Есть и такой источник обогащения, как чужое горе. Поминки. Один раз мне повезло: я приношу телеграмму соболезнования: «всем сердцем с вами, скорблю о вашей потере», – дверь открывает безутешная вдова, за ней в проеме – интеллигентная, небедная квартира. Синие обои, мебель ампир. Портреты в овалах. Сделав приличествующее, чуть опечаленное лицо, вручаю телеграмму. Вдова расписывается на квитанции и вручает мне двадцать копеек на чай.

Обана! Первый раз в жизни получила на чай. Интересное ощущение. Вышла, села на лавочку в скверике покурить и обдумать. Это же какие деньжищи. Прикинула: унижают ли чаевые человека? – Неа, не унижают, только радуют; извините, вдова и покойник. Вам время тлеть, а мне цвести. Мне восемнадцать лет, и я намерена цвести. Красно-лиловым персидским цветом.

Докурила, вернулась на почту – еще одно скорбное послание. Бодренько отнесла вдове. Вдова приняла послание и по лицу ее прошла тень. Не от могильной сени, но от предстоящего ей ущерба: на этот раз она наградила меня пятнадцатью копейками. Окей, тенденция понятна. «Повадились тут ходить, деньги мои выпрашивать!» – читалось на ее заплаканном лице, хотя я не произносила ни слова, молча протягивала квитанцию и шариковую авторучку на мочальной веревочке и молча же уходила в пахучую тьму подъезда; первый этаж был, со двора. Батареи отопления какие-то с торчащей паклей, ледяные летом. Коричневые, земляного цвета стены. Лампочка вывинчена. Третья телеграмма принесла мне гривенник, а все последующие вдова хватала с нескрываемой ненавистью в глазах и чаевых больше не давала. Просто вырывала телеграммы из моих рук и с глухим стуком захлопывала войлочную, утепленную дверь.

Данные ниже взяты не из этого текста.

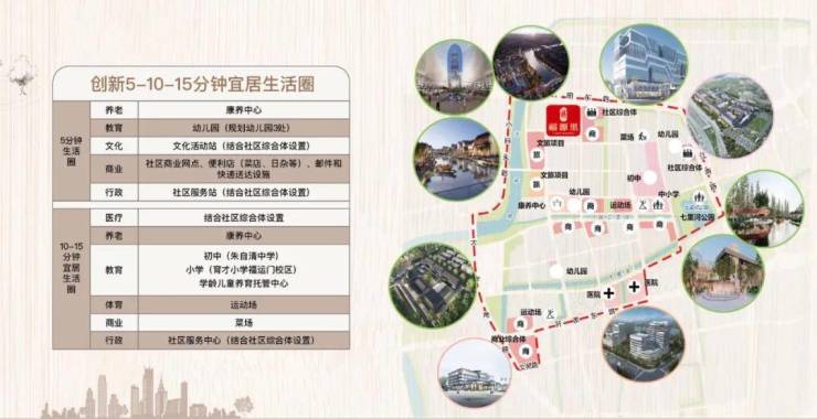 宝塔湾5-10-15分钟宜居生活圈,涵盖医疗、教育、养老、体育、商业、行政多个行业,从3维度、7大项、18子项的规划落实宝塔湾的片区更新改造。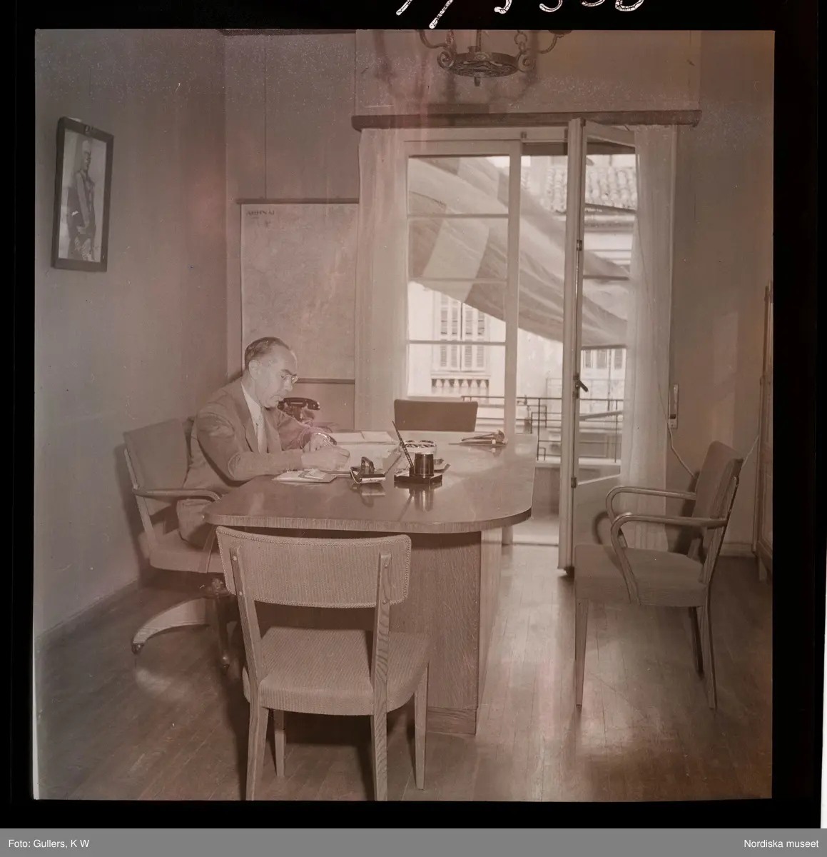 1717 I Svenska konsulatet Aten. En man arbetar vid ett skrivbord på Svenska konsulatet i Aten. Svenska flaggan syns utanför fönstret.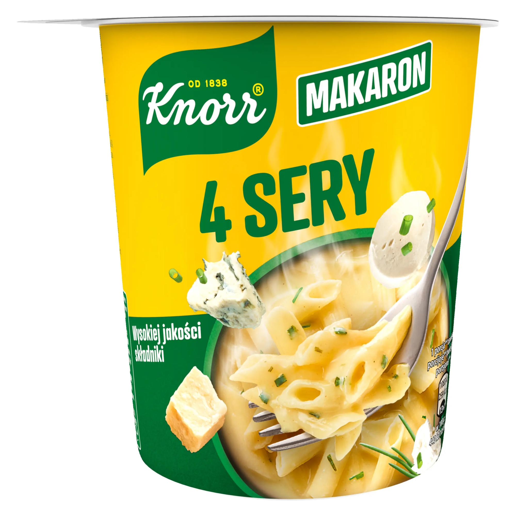 Knorr 4 Sery w kubku to pyszne, sycące danie instant, które zachwyca wyjątkowym aromatem czterech serów: cheddar, gouda, ementaler i blue. Dzięki kremowemu sosowi i delikatnemu makaronowi, każda porcja to prawdziwa uczta dla miłośników serowych smaków. Wystarczy zalać wrzątkiem, odczekać kilka minut i gotowe – pyszny, ciepły posiłek w kilka chwil!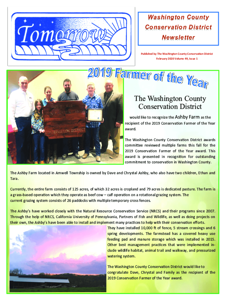Washington CountyConservation District Newsletter Published by The Washington County Conservation District February 2020 Volume 49, Issue 1The Washington County Conservation District would like to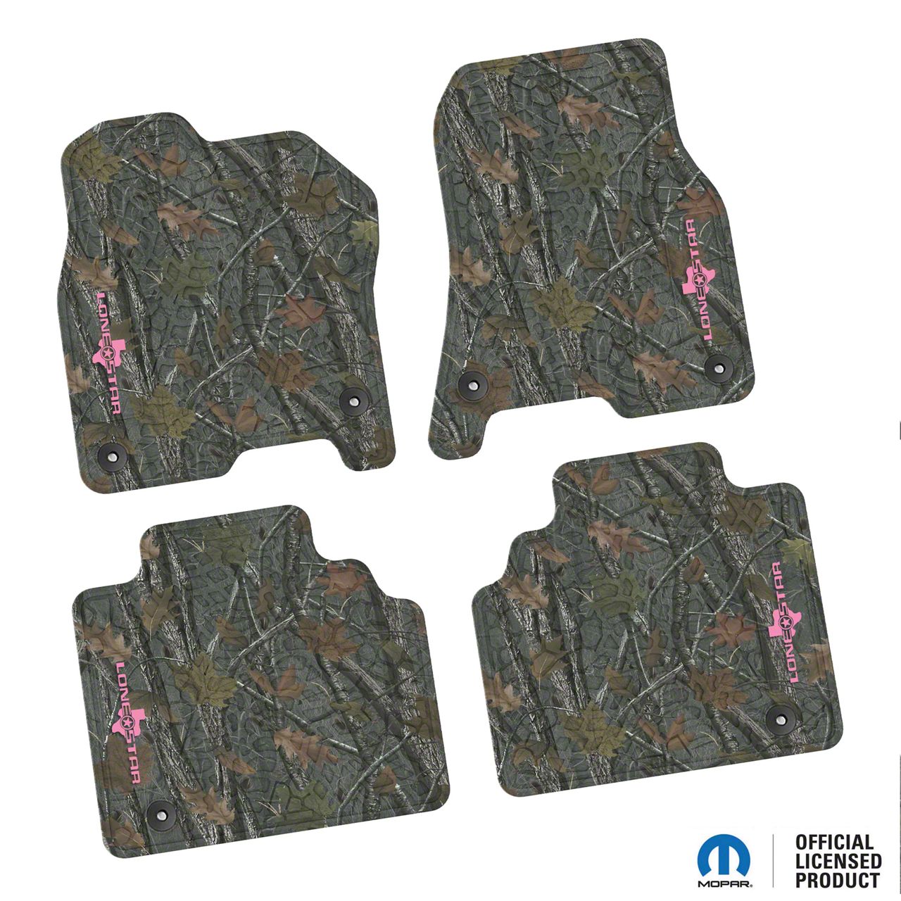Factory Floorpan Fit Tire Tread/Scorched Earth Scene Front and Rear Floor Mats with Pink Lone Star Insert; Rugged Woods (19-24 RAM 1500 Quad Cab)Find parts that fit my vehicle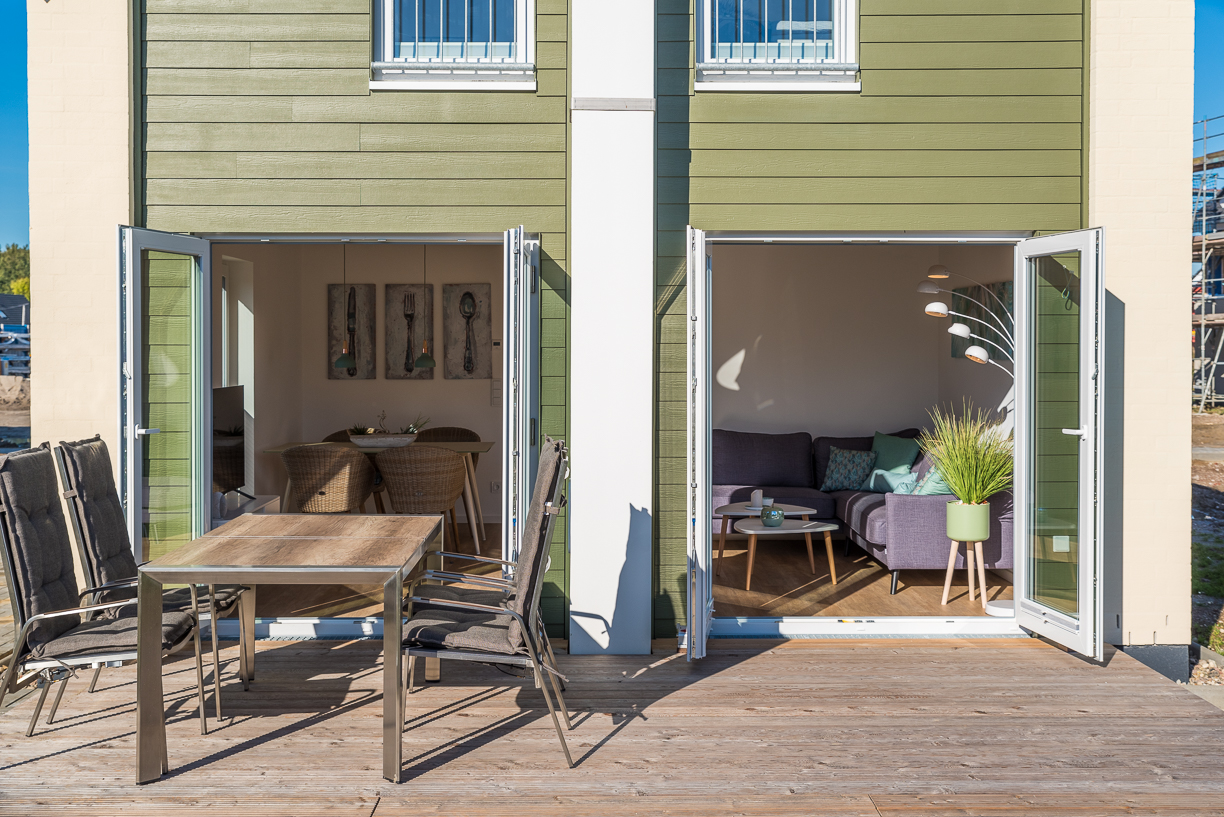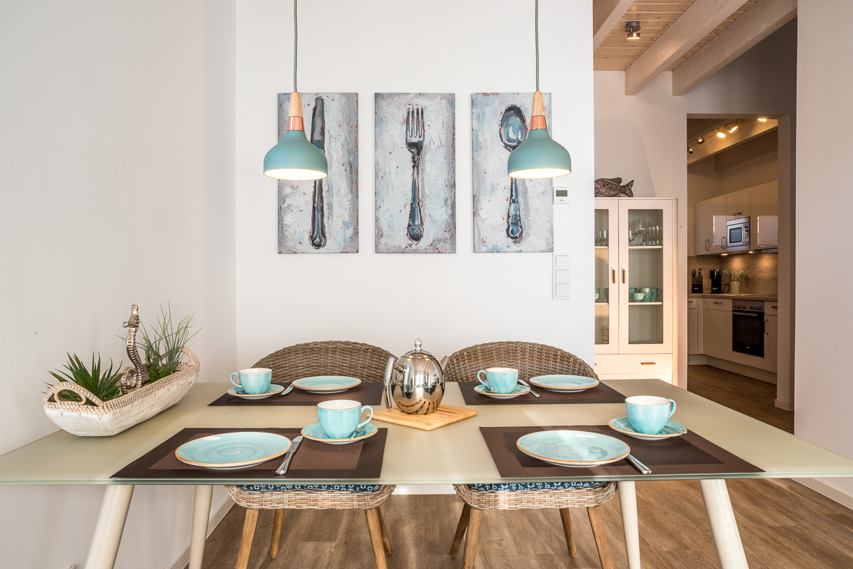 Ob Frühstück, Mittag- oder Abendessen – der lichtdurchflutete Raum lädt zum Verweilen ein. Durch die großen, bodentiefen Fenster blickt ihr über die große Terrasse auf die zum Haus gehörende Grünflache, die ihr zum Spielen und Ausruhen nutzen könnt.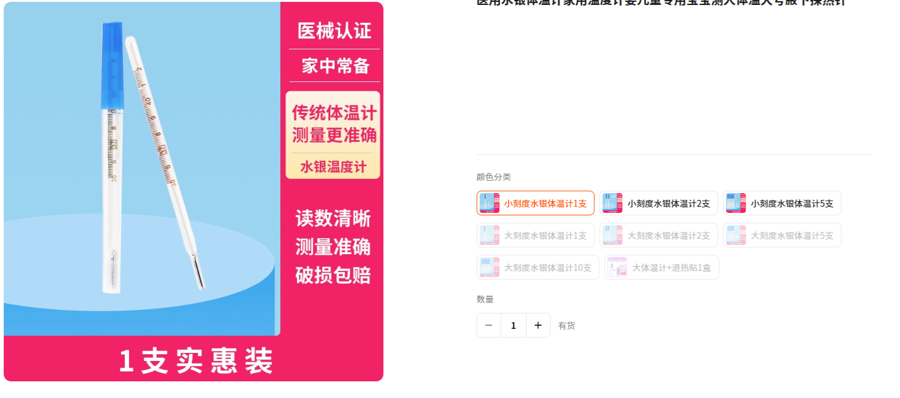 “直至今日,也没有规定说明年不能卖了,只是说不能生产,网上却误导消费者以为明年开始就买不到含汞体温计了。”一家标称发货地位于江苏泰州的医疗器械网店负责人告诉记者,最近生意的确好了起来,后台冒出一大批消费者来询问还有没有货,他感到很奇怪,这么一个普通的产品居然一炒作就火了。更让他感到惊讶的是,很多同行明明有库存,却搞饥饿营销,隔三差五挂出“断货”状态,让消费者“预定”,结果,一些消费者还真相信,居然高价下了订单。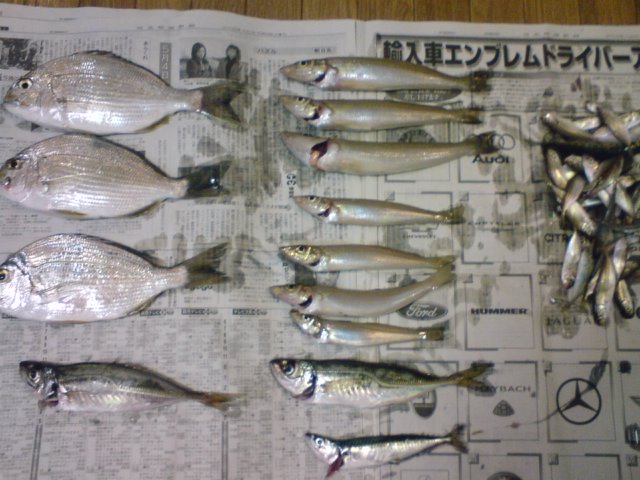 最終的な釣果は以下の通り(ヘダイは40匹以上、ボラ7匹リリース)
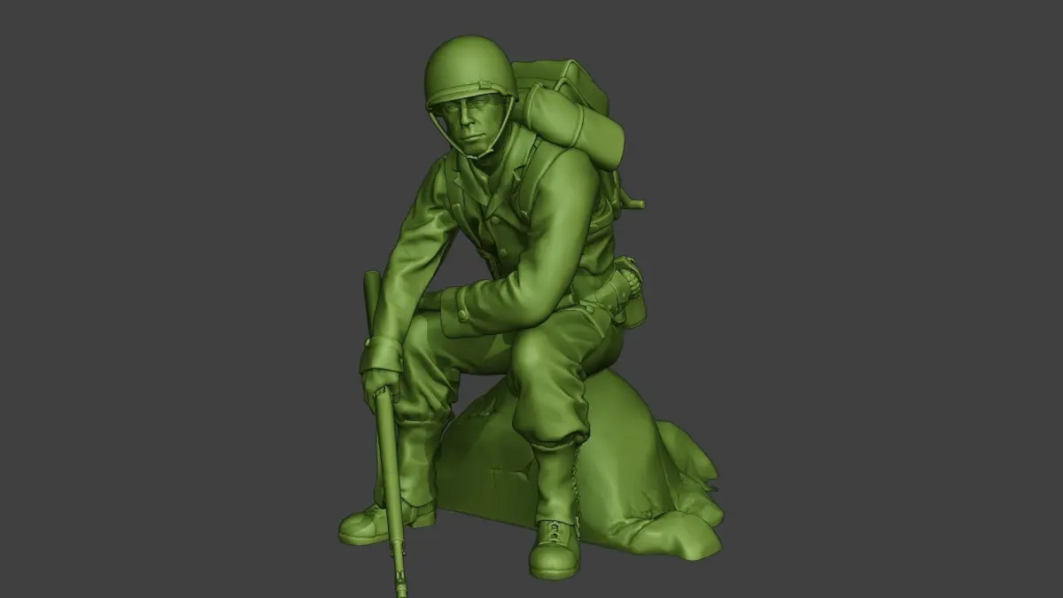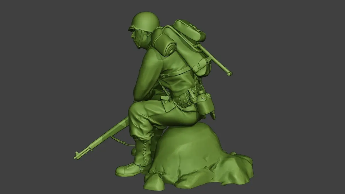 - American soldier model with guns (M1 Garand) and objects (3d print model).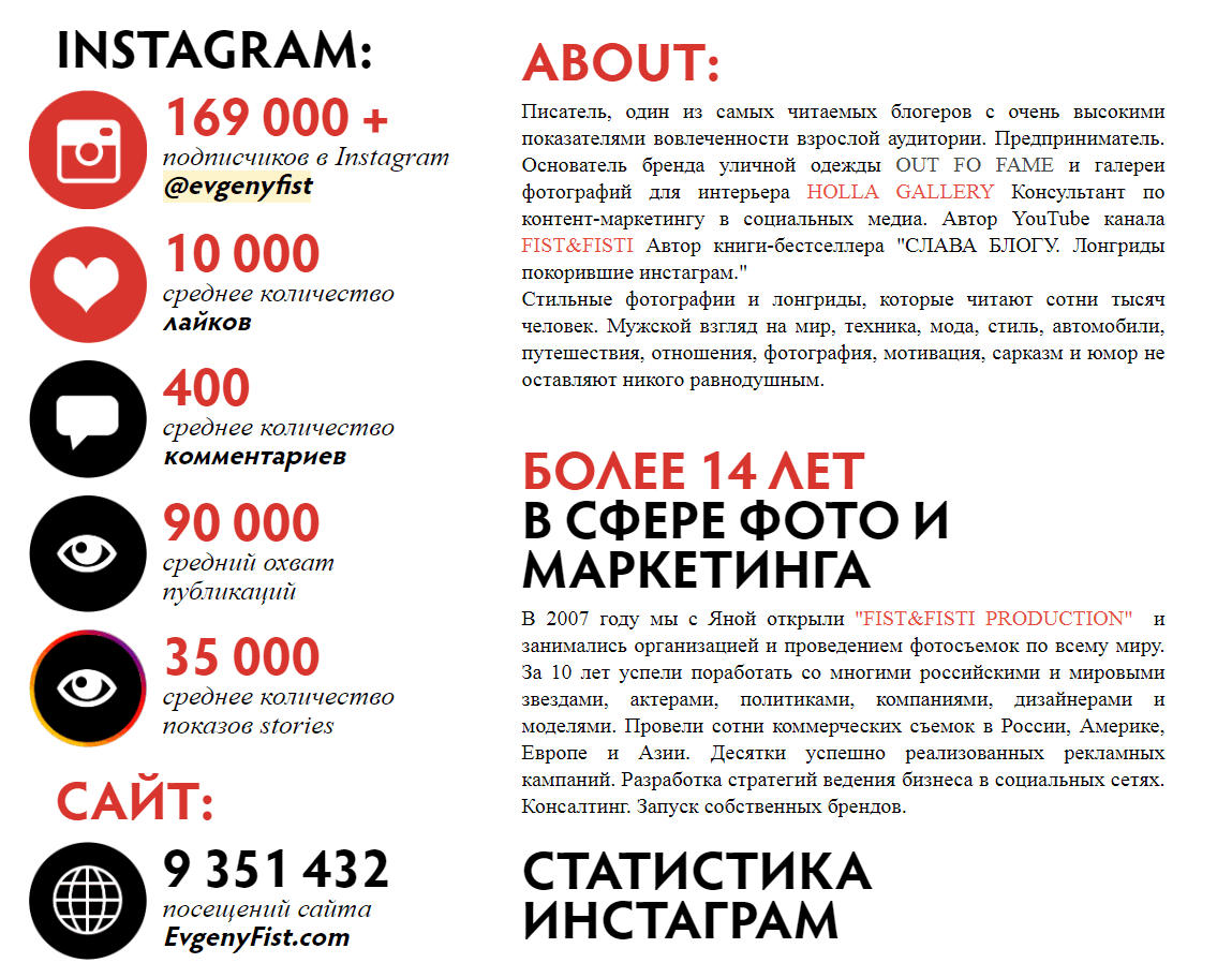 Блогеры также составляют медиакиты, где, как правило, делают акцент на аудитории и других показателях качества аккаунта (сайта). Их презентации составлены в произвольном порядке, они часто имеют простенький дизайн, так как создаются собственными силами. Но произведения искусства никто и не ждет.

Питерские дворы устроены интересно и запутанно. Нумерация квартир непредсказуемая. 14, 15, 15а, 3, 78, 90, 16, 24, 18, а на самом верхнем этаже – 1. 7-й и 8-й квартир в этом доме нет. А квартира номер 6 есть, но вход в нее из другого дома. Или из подворотни. А на некоторых дверях номеров и вовсе нет, и света на площадке нет, и вот ты стоишь на лестнице черного хода и водишь руками по войлоку, ощупывая дверь и слыша слабую вонь помойного ведра, невидимого во тьме, и различая глухие голоса за дверью, а чаще – глухое молчание, как под водой. Пока найдешь нужную квартиру – потеряешь кучу драгоценного времени. Уже в конце моего почтальонского срока я подружилась с почтальоном-инвалидом, у которого в книжечке была начертана четкая и ясная схема всех парадных и черных ходов Маршрута номер 1 и Маршрута номер 2, – любо-дорого посмотреть! Он работал в штате, за тридцать два рубля, и уважал свою работу: никуда не спешил, ходил не быстро, знал, где опасные квартиры, а где приветливые, где живет маньяк, хватающий тебя за руку, чтобы втащить в свое жаркое, удушающе пахнущее сладким одеколоном жилище, а где живут девушки-близнецы, кто лежит прикованный к кровати, а у кого неделями никого нет дома. Странный был человек, немножко ку-ку, инвалид по голове. Ничего, кроме разноса телеграмм, его вообще не интересовало.

Он был как бы такой солдат Почтового Государства, государственный человек, без юмора. Почтовое дело представлялось ему, кажется, сияющим Проектом, одной из систем, благодаря которой Государственный Организм функционирует: лимфатической системой, или там нервной. Он гордился, что он часть этого Проекта. А нас, временных и легкомысленных, он как минимум не уважал. Должно быть, он виделся себе старинным, еще 1808-го какого-нибудь года, чиновником в свежеизобретенном мундире Почтового ведомства: темно-зеленый кафтан с черным воротником и черными же обшлагами, на пуговицах – перекрещенные якорь и топор. Мне, во всяком случае, он виделся именно таковым, и, завидев его издалека в слабом летнем потоке людей, прямого, сухого, возвращающегося с маршрута, я думала: вот идет, сквозь беспечную и смеющуюся толпу, само Государство, идет размеренно и строго и пахнет сургучом, мочальными веревочками, чернильными карандашами и резиновыми штампами.

Он показал мне свои схемы, не выпуская их из рук, не делясь со мной: если надо, пройди по парадным сама и срисуй. Он как бы давал понять, что причастен Государственным Секретам, планам железных дорог, синькам подземных заводов, чертежам стратегических зернохранилищ, но врагу и конкуренту не отдаст. Если пуля, если смерть – быстро схватит и проглотит книжечку, разжует! И чернила с разлинованных страниц будут стекать в его уже мертвую гортань.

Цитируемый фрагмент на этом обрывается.